Production Coherence Mechanisms

One-action-per-iteration loops: All production agents use plan → execute → observe → repeat. Each iteration is bounded to a single meaningful action.

Verifiable intermediate goals: Tests as ground truth. Cursor's pattern: write failing tests first, implement until they pass. This provides objective checkpoints independent of model confidence.

Iteration limits with hooks: Cursor's .cursor/hooks.json loops agents until a success condition is met, with a maximum iteration cap. Autonomous completion without infinite loops.

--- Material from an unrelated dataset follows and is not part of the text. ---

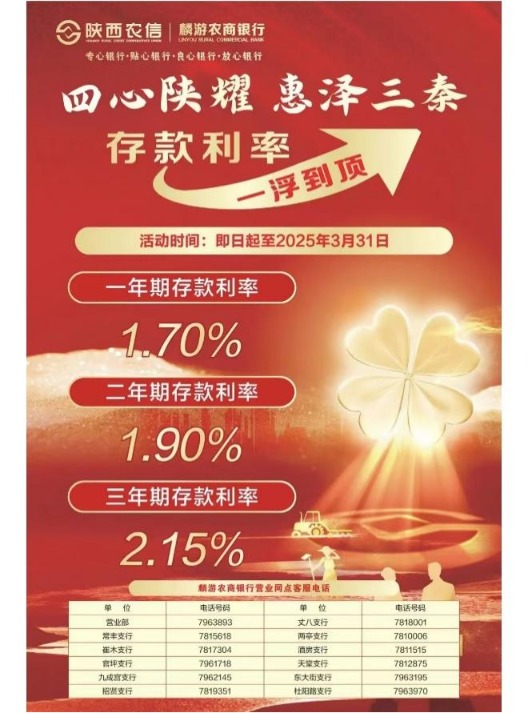 2月12日,陕西麟游农商银行发布存款利率上调公告称,即日起到2025年3月31日,该行的一年期、二年期、三年期存款利率分别上调至1.70%、1.90%、2.15%。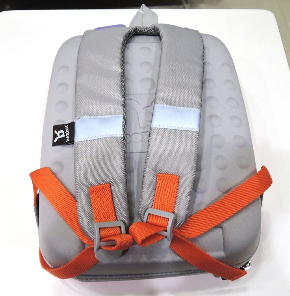 肩背帶有反光材質,可以增加安全性;與背部接觸那面有作凹凸圖案,這樣背部比較通風...

Fresh context for subtasks: Start a new conversation when switching tasks or when the agent shows confusion. Sub-agent architectures provide clean windows by design.

Goal re-injection: For very long tasks, periodically re-inject the original goal to counter drift. Devin's planning phase before each major action implements this pattern.

Research Direction

Multi-turn PPO with both outcome rewards and intermediate step rewards produces significantly more coherent long-horizon behavior than single-turn training — beginning to appear in production model capabilities.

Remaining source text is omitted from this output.